Exercise prompt: Retype the entries exactly, but skip the pictures.

Given entries:
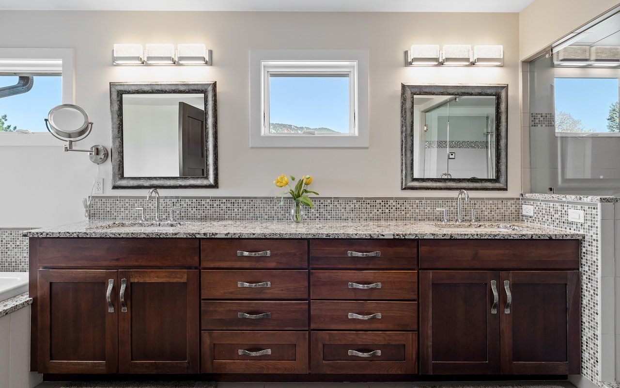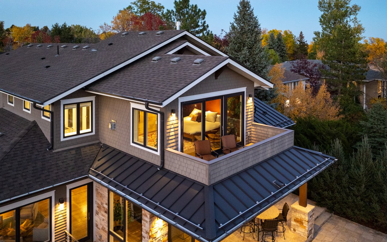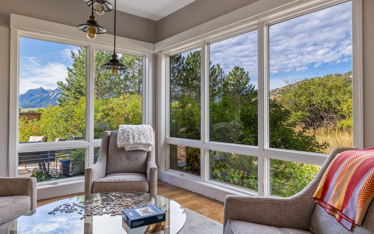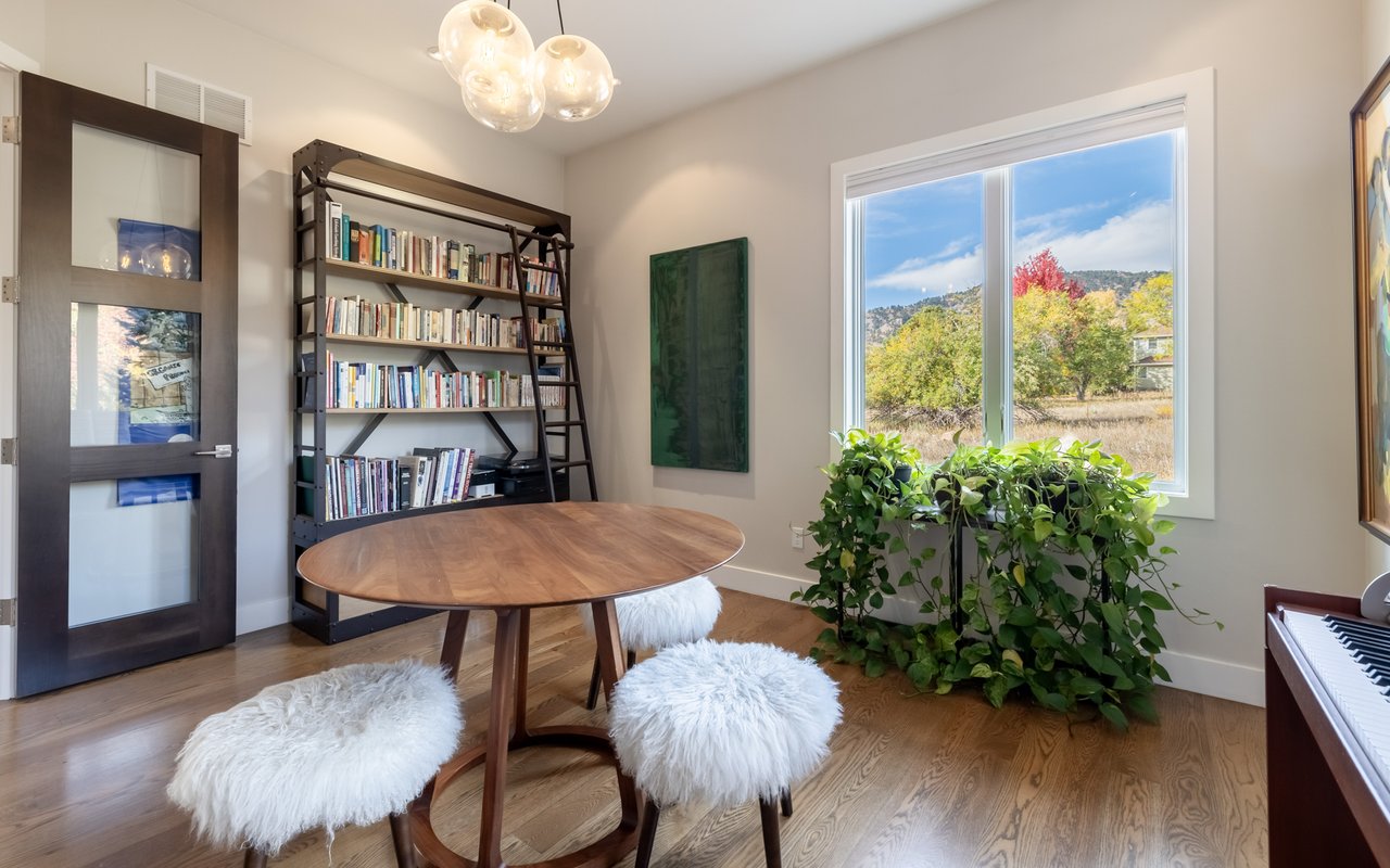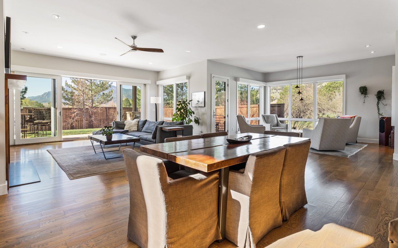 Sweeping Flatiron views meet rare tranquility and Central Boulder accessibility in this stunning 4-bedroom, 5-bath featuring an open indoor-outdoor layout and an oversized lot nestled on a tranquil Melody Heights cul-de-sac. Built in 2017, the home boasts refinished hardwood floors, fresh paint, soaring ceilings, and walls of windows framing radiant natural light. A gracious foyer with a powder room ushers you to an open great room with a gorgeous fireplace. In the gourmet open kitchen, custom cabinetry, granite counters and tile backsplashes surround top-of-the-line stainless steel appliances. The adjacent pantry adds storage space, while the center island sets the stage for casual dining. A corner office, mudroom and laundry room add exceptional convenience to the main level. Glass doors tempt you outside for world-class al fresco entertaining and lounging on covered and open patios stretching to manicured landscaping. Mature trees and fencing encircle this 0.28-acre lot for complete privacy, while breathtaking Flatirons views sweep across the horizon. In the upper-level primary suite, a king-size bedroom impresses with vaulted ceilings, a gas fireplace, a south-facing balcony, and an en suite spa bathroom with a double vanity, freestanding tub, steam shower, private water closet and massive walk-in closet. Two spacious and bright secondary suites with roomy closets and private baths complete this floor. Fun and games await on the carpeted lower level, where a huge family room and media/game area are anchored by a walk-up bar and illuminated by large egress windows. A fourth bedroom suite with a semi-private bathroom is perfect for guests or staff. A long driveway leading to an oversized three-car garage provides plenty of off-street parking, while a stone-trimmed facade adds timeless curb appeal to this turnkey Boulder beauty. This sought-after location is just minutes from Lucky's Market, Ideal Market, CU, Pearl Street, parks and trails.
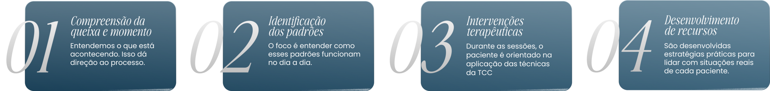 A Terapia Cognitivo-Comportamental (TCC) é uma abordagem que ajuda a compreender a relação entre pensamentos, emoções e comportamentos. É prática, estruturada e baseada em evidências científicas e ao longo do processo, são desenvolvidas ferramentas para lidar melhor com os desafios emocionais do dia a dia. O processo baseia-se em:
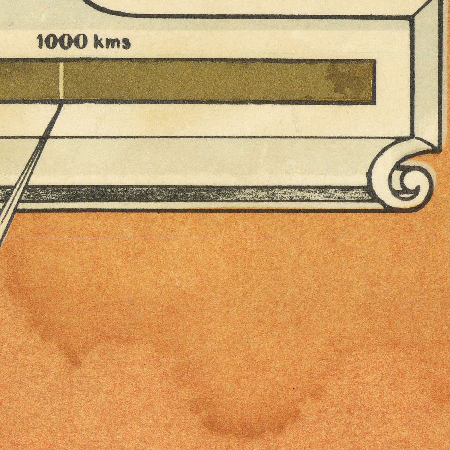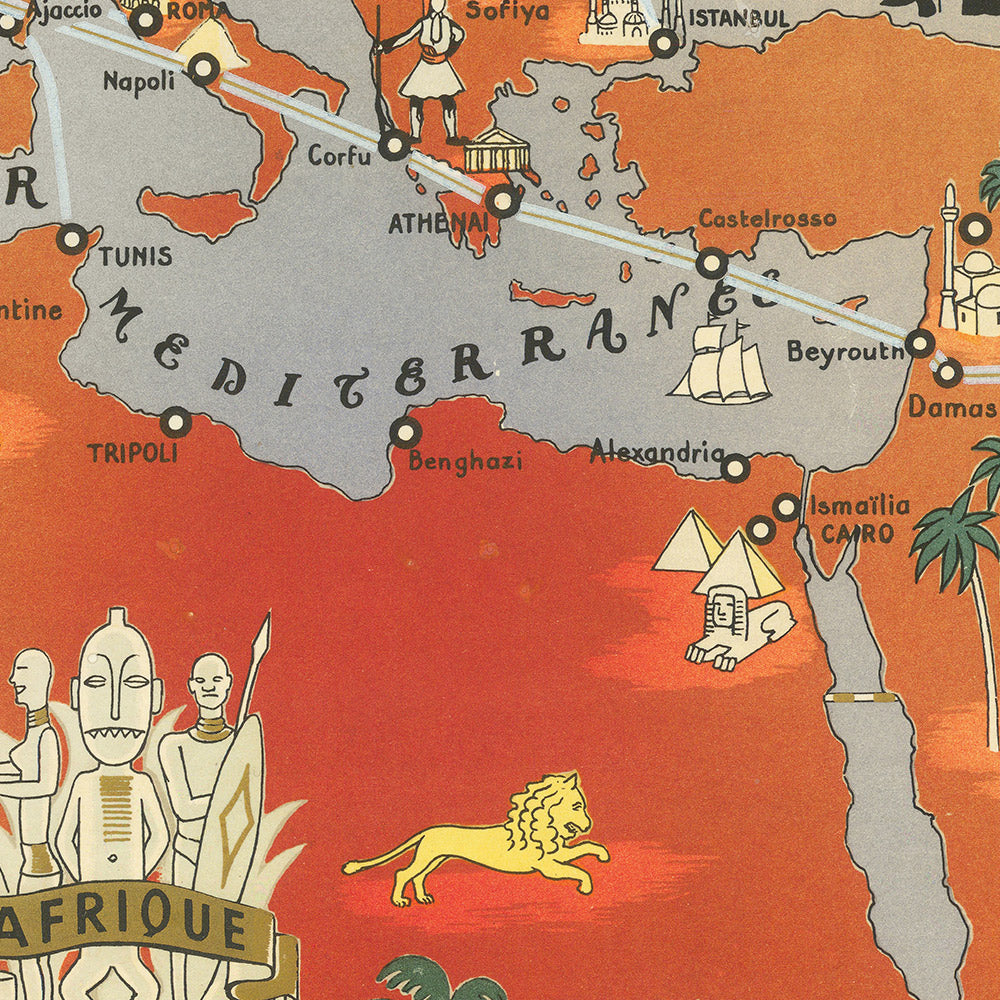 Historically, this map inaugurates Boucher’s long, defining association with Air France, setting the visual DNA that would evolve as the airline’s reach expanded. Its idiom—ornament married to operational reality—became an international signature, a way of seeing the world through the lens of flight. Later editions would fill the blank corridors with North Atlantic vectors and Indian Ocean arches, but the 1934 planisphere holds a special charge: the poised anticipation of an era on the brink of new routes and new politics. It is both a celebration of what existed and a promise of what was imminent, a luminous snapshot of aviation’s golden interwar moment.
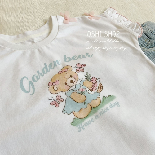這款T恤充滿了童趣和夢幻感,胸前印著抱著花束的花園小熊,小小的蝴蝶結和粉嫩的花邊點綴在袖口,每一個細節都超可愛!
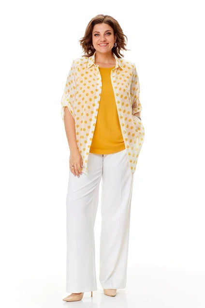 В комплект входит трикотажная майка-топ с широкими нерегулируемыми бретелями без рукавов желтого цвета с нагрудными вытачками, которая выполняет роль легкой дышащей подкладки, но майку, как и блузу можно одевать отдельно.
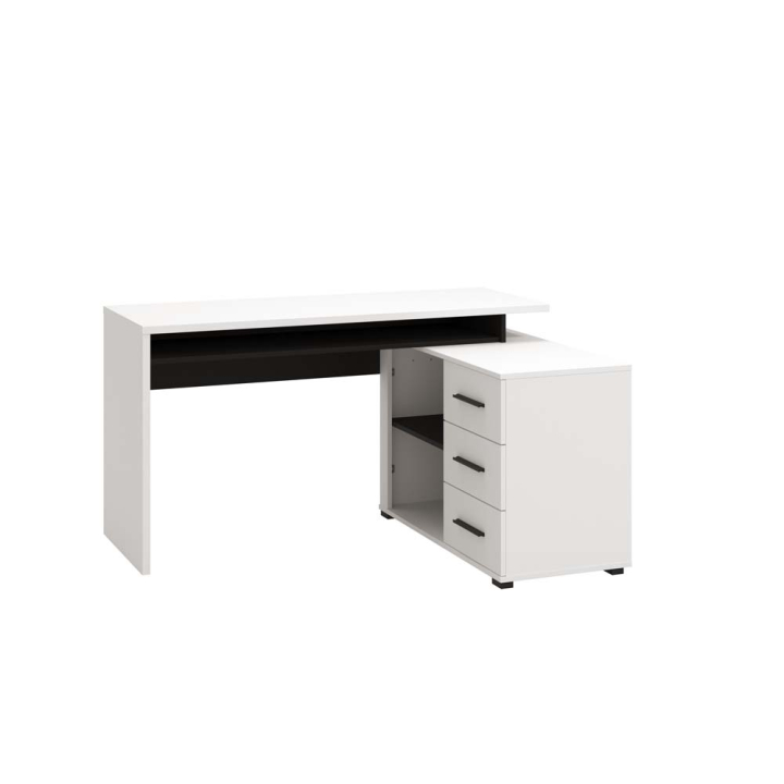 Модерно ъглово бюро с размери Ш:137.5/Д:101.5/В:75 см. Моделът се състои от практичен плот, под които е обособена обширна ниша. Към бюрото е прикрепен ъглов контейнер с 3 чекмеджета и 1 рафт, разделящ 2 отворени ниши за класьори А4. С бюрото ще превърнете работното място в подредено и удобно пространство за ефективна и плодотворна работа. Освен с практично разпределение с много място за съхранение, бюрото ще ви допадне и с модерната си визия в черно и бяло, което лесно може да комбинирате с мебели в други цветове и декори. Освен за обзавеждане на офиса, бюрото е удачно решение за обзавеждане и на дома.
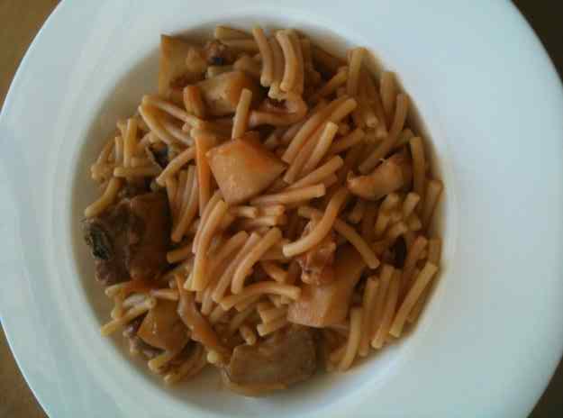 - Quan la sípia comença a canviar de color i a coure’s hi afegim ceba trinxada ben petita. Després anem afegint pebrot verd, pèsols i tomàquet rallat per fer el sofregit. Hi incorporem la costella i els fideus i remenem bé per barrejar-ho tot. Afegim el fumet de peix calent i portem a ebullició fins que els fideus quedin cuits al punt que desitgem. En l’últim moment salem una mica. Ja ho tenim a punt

Answer space:
 Sweeping Flatiron views meet rare tranquility and Central Boulder accessibility in this stunning 4-bedroom, 5-bath featuring an open indoor-outdoor layout and an oversized lot nestled on a tranquil Melody Heights cul-de-sac. Built in 2017, the home boasts refinished hardwood floors, fresh paint, soaring ceilings, and walls of windows framing radiant natural light. A gracious foyer with a powder room ushers you to an open great room with a gorgeous fireplace. In the gourmet open kitchen, custom cabinetry, granite counters and tile backsplashes surround top-of-the-line stainless steel appliances. The adjacent pantry adds storage space, while the center island sets the stage for casual dining. A corner office, mudroom and laundry room add exceptional convenience to the main level. Glass doors tempt you outside for world-class al fresco entertaining and lounging on covered and open patios stretching to manicured landscaping. Mature trees and fencing encircle this 0.28-acre lot for complete privacy, while breathtaking Flatirons views sweep across the horizon. In the upper-level primary suite, a king-size bedroom impresses with vaulted ceilings, a gas fireplace, a south-facing balcony, and an en suite spa bathroom with a double vanity, freestanding tub, steam shower, private water closet and massive walk-in closet. Two spacious and bright secondary suites with roomy closets and private baths complete this floor. Fun and games await on the carpeted lower level, where a huge family room and media/game area are anchored by a walk-up bar and illuminated by large egress windows. A fourth bedroom suite with a semi-private bathroom is perfect for guests or staff. A long driveway leading to an oversized three-car garage provides plenty of off-street parking, while a stone-trimmed facade adds timeless curb appeal to this turnkey Boulder beauty. This sought-after location is just minutes from Lucky's Market, Ideal Market, CU, Pearl Street, parks and trails.
 A Terapia Cognitivo-Comportamental (TCC) é uma abordagem que ajuda a compreender a relação entre pensamentos, emoções e comportamentos. É prática, estruturada e baseada em evidências científicas e ao longo do processo, são desenvolvidas ferramentas para lidar melhor com os desafios emocionais do dia a dia. O processo baseia-se em:
 Historically, this map inaugurates Boucher’s long, defining association with Air France, setting the visual DNA that would evolve as the airline’s reach expanded. Its idiom—ornament married to operational reality—became an international signature, a way of seeing the world through the lens of flight. Later editions would fill the blank corridors with North Atlantic vectors and Indian Ocean arches, but the 1934 planisphere holds a special charge: the poised anticipation of an era on the brink of new routes and new politics. It is both a celebration of what existed and a promise of what was imminent, a luminous snapshot of aviation’s golden interwar moment.
這款T恤充滿了童趣和夢幻感,胸前印著抱著花束的花園小熊,小小的蝴蝶結和粉嫩的花邊點綴在袖口,每一個細節都超可愛!
 В комплект входит трикотажная майка-топ с широкими нерегулируемыми бретелями без рукавов желтого цвета с нагрудными вытачками, которая выполняет роль легкой дышащей подкладки, но майку, как и блузу можно одевать отдельно.
 Модерно ъглово бюро с размери Ш:137.5/Д:101.5/В:75 см. Моделът се състои от практичен плот, под които е обособена обширна ниша. Към бюрото е прикрепен ъглов контейнер с 3 чекмеджета и 1 рафт, разделящ 2 отворени ниши за класьори А4. С бюрото ще превърнете работното място в подредено и удобно пространство за ефективна и плодотворна работа. Освен с практично разпределение с много място за съхранение, бюрото ще ви допадне и с модерната си визия в черно и бяло, което лесно може да комбинирате с мебели в други цветове и декори. Освен за обзавеждане на офиса, бюрото е удачно решение за обзавеждане и на дома.
 - Quan la sípia comença a canviar de color i a coure’s hi afegim ceba trinxada ben petita. Després anem afegint pebrot verd, pèsols i tomàquet rallat per fer el sofregit. Hi incorporem la costella i els fideus i remenem bé per barrejar-ho tot. Afegim el fumet de peix calent i portem a ebullició fins que els fideus quedin cuits al punt que desitgem. En l’últim moment salem una mica. Ja ho tenim a punt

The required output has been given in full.